▶ [YOUR OBJECTIVE] Print exactly the lines below between the line containing "LADIES' SHORT-SLEEVED SPORTS" and the line containing "손흥민은 15일 독일", counting both of those lines. Leave pictures out.
*** DATA FOR THE TASK ***
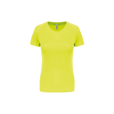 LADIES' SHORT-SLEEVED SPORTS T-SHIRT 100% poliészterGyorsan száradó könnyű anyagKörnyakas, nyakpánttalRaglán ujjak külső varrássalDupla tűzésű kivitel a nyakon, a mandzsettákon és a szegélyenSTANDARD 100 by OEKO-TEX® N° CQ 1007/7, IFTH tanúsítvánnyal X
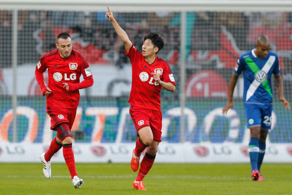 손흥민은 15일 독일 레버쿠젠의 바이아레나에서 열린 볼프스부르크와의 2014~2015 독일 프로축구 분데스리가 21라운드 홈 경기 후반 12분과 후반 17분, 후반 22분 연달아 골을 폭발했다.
*** End of DATA FOR THE TASK ***
*** DATA FOR THE TASK ***
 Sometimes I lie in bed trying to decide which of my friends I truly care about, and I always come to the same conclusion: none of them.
*** End of DATA FOR THE TASK ***
▶ [RESPONSE BOX]
 LADIES' SHORT-SLEEVED SPORTS T-SHIRT 100% poliészterGyorsan száradó könnyű anyagKörnyakas, nyakpánttalRaglán ujjak külső varrássalDupla tűzésű kivitel a nyakon, a mandzsettákon és a szegélyenSTANDARD 100 by OEKO-TEX® N° CQ 1007/7, IFTH tanúsítvánnyal X
 손흥민은 15일 독일 레버쿠젠의 바이아레나에서 열린 볼프스부르크와의 2014~2015 독일 프로축구 분데스리가 21라운드 홈 경기 후반 12분과 후반 17분, 후반 22분 연달아 골을 폭발했다.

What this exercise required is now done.